The fact that Benjamin Libet’s data reveal a subject’s overt awareness to report the onset of a volitional intention actually lags some 350 milliseconds or so behind the body’s initiation of these acts, does not preclude the fact that awareness requires a real temporal genesis and duration for its completion. The denial of volitional causation may be misguided on two fronts, the first being the notion that phenomenal states are mental ‘states’ – that is, sequential “qualia” moments represented instead of a gathering physical momentum functionally and causally organized over real spans of time. The second misapplied consideration of the Libet data is, in my view, the common discussion that is most often offered as the interpretation – the proclamation that Libet’s empirical evidence “proves” there is a more primary and antecedent physical matrix of non-conscious mechanisms which are separate from the so-called epi-phenomenal ‘feeling’ of volition discharged later to dupe the organism into performing the necessary actions. This interpretation, I have pointed out, is internally conflicted the moment one realizes that a non-causally embedded phenomenal realm will have no power to function in the manner it is said to mediate functionally, and cannot thereby organize subsequent actions.

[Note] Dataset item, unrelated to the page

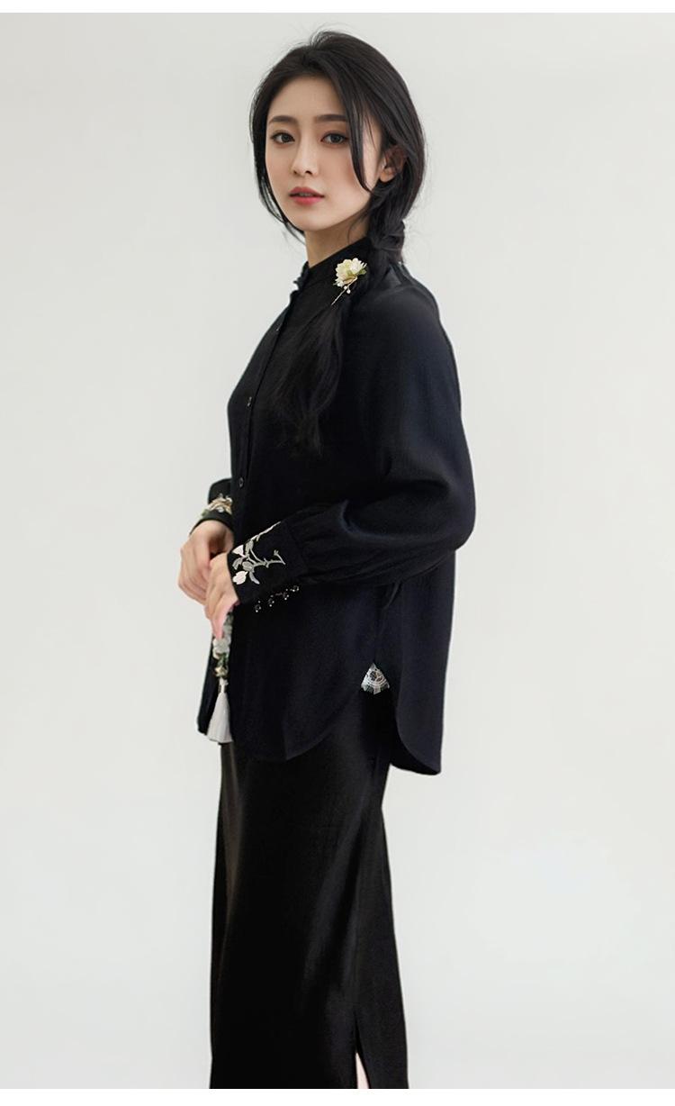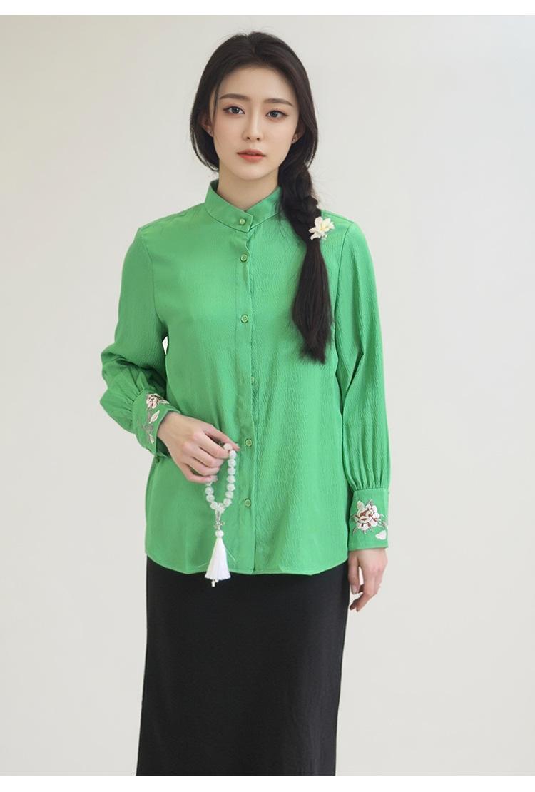 Primavera y Verano Nuevos Tops Retro Chinoiserie y Camisas Básicas para Mujer, Estilo Nacional 100% Gasa de Seda de Morera Nube Fragante Camisas Elegantes Versátiles
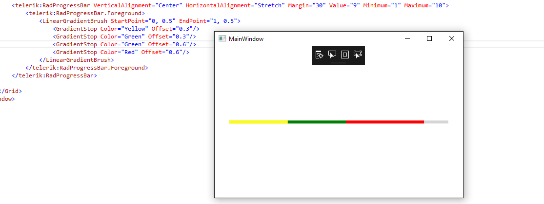 <telerik:RadProgressBar VerticalAlignment="Center" HorizontalAlignment="Stretch" Margin="30" Value="9" Minimum="1" Maximum="10"> <telerik:RadProgressBar.Foreground> <LinearGradientBrush StartPoint="0, 0.5" EndPoint="1, 0.5"> <GradientStop Color="Yellow" Offset="0.3"/> <GradientStop Color="Green" Offset="0.3"/> <GradientStop Color="Green" Offset="0.6"/> <GradientStop Color="Red" Offset="0.6"/> </LinearGradientBrush> </telerik:RadProgressBar.Foreground> </telerik:RadProgressBar>Regards,

In the second part of this two-part paper I will be expanding upon the alternative suggestion that recurrent network connections may physically underlie and organize the self-determined causation of our experiences by way of a momentum stabilizing process. This would necessarily occur in a duration – over the time of a budding “cycle” of intentional momentum that is indeed functionally directed, but organized precisely by way of affective or perceptual phenomenology (the emotion and feeling we bring to each context). For now, we can take note that according to neurologist Victor Lamme, the timing for an initial non-conscious feedforward “sweep” extending even to the ‘executive’ areas of motor and frontal cortices takes under and up to 100ms to complete (V. Lamme, 2004). While this initial firing sequence includes attentional ‘tuning properties’ such as orientation, and while automatic visually-guided reflexes may be discharged at this level, the intentional-process does not yet achieve a phenomenal experience. For that achievement, reentrant cycling is perhaps required, not just ‘feedback’ in the linear sequential sense of the term (2004). Perhaps that same set of overall cycling can be interpreted to have an initiatory biasing and priming stage for what will be subsequently organized phenomenologically once relevant stimuli have been selected and stabilized according to a budding situational context in process. The somatosensory or perceptual ‘situation’ begins developing according to the early priming of the initial sweep. But perhaps its completion is the fruition of an organizing experience ever in creation.